Another example: police investigation of innocent party's conduct does not subject officer to liability
Several recent decisions in the sphere of governmental immunity have addressed police officers' exposure to liability when they detain, arrest, seize property, or otherwise interfere with the life of a citizen who is ultimately deemed to be entirely innocent of wrong-doing. The Court of Appeals addressed this issue again in Catherine Simmons v. Greektown Casino, LLC, and Steven Ford. Ford was called to the casino when Simmons was observed running cash through a slot machine. It appeared to Casino employees and the State Trooper that Simmons was deliberately feeding large amounts of cash into the slot machine in order to convert the cash into slot machine tickets in an amount below the $10,000.00 threshold where "money laundering" reports must be made to the government.

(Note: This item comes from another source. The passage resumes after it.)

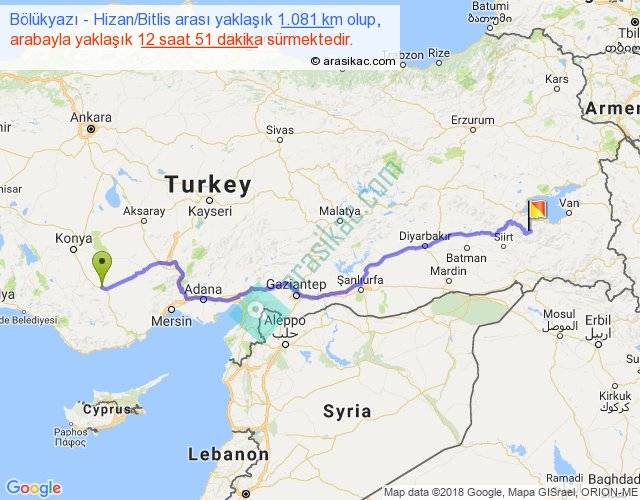 Bölükyazı - Hizan Bitlis arası yaklaşık olarak 90 km/h ile yukarıda belirtilen sürede olup, iki yerin kuş uçuşu uzaklığı (mesafesi) 830'dir. Eğer belirtilen yerler arasında uçak seferi var ise bu süre uçakla 1 saat 16 dakika'ya kadar düşebilir. Yolculuk otobüsle 16 saat 42 dakika sürmektedir.

It turned out that Simmons had recently refinanced her mortgage, leaving her with almost $40,000.00 in cash, and that her activities were entirely innocent. She filed suit against the Casino and Ford, arguing that the Trooper did not have reasonable grounds for detaining her or seizing her cash. The case against the Casino was dismissed without an appeal, but Simmons did appeal the judge's decision to toss the case against Ford. She argued that her pleadings created a question of fact with regard to whether Ford acted in good faith in violating her civil rights. In particular, she claimed that Ford was lying or mistaken in his claim that she was exchanging smaller bills for $100.00 bills. The Court of Appeals upheld the dismissal of Simmons' case, holding that to the extent she alleged a question of fact, it was not sufficiently material to defeat Ford's claim that he had acted in good faith. Viewed objectively, Simmons' actions were sufficient "suspicious" to warrant investigation.